Как автор, мышление которого развивается в области концептуалистских методов «символического письма», прозаик, поэт, художник, арт-деятель и теоретик искусства, Павел Пеппер-штейн отчетливо представляет себе всю глобальную полифонию культурных языков, кодов, шифров, дискурсов, из которых выстраивается то, что мы называем «современной действительностью». В своем знаковом прозаическом сборнике «Военные рассказы» (первое издание -2006, переработанное издание - 2010), беря в «волшебные помощники» концепт «войны», он пускается вместе с ним в повествовательное странствие по мультикультурному «океану» прошлого, настоящего и будущего, где национальная историческая память перетекает в виртуальную современность, производя всевозможные «психоделические» эффекты, сдвиги, мутации, трансформации.

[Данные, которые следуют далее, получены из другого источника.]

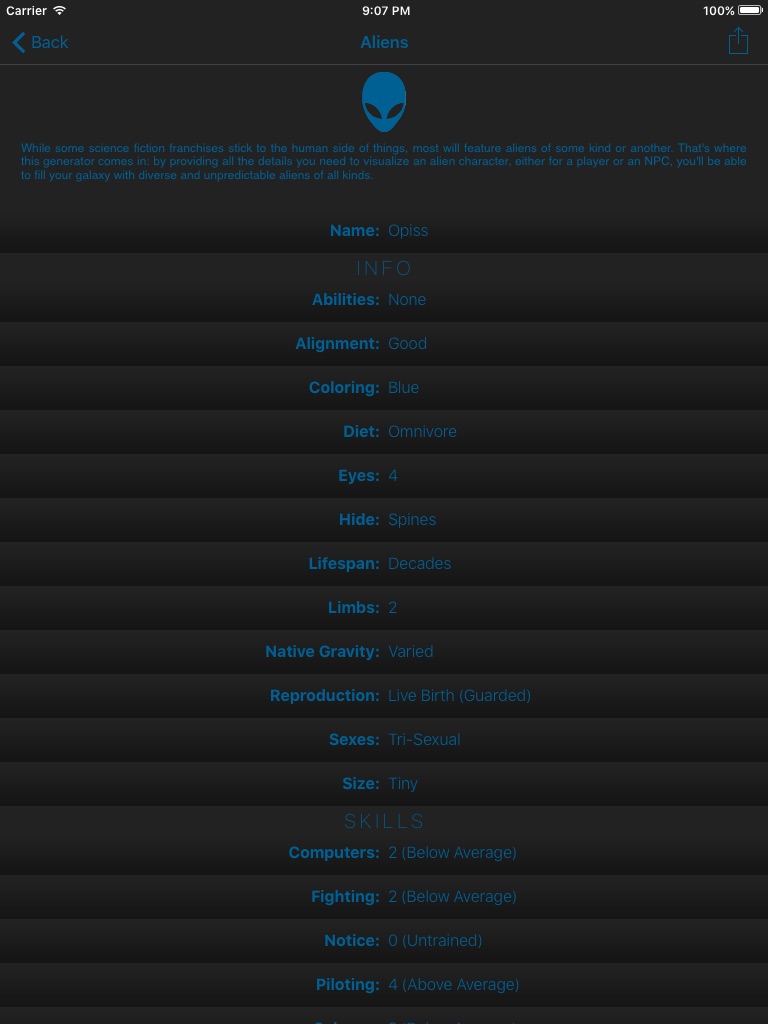 - Every character, creature, and world is brought to life with rich details: names, skills, solar system data, army unit types, and more. Need a new monster or culture? Just tap. Its that easy.

В рассказе «Подвиг модели» писатель, например, видит картину оккупационного захвата Москвы Америкой (2039 год). В искаженной антиутопической перспективе оккупация представлена как виртуальное событие, в котором сами понятия «порабощение» и «освобождение» теряют свой исходный смысл и уравниваются. Это праздничный карнавал «опустошенных» знаков: «Москва сдалась без боя, даже в атмосфере праздника, словно все - правительство, духовенство, банкиры, нищие, рабочие, торговцы - только этого и ждали. И праздник продолжался: ог-
ромные национальные символы России реяли над Кремлем, созданные лазерными проекциями, гигантская матрешка висела над кремлевскими соборами, необозримый снеговик высился над храмом Христа Спасителя, над Лубянкой возникали и таяли образы русского лубка» [4, с. 161-162]. Симулятивность происходящего и искаженная система ценностей оказываются в состоянии растворить в себе попытки отпора иноземным «свободе и веселью». Подчеркивается утрата связей национального сознания с реальностью: «Какие-то жалкие и отчаянные попытки сопротивления были подавлены быстро и тихо. В столицу лишь смутно доходили слухи о восставшем Питере, о разбомбленных городах Южной России» [4, с. 162]. Классический мотив «пира во время чумы» предстает в рассказе в модифицированном свете: если в трагедии Пушкина герои осознают гибельное положение вещей, но отвечают ему «весельем», то в художественном измерении Пепперштейна эта оппозиция устраняется. Сама «чума» здесь осознается как «праздник». Для «молчаливых масс» (Бодрийяр) порабощение России - это и есть аттракцион исполнения всех желаний, та самая «мечта» капитализма, о которой в своей «Критике сновидений» (2005) рассуждает Пепперштейн.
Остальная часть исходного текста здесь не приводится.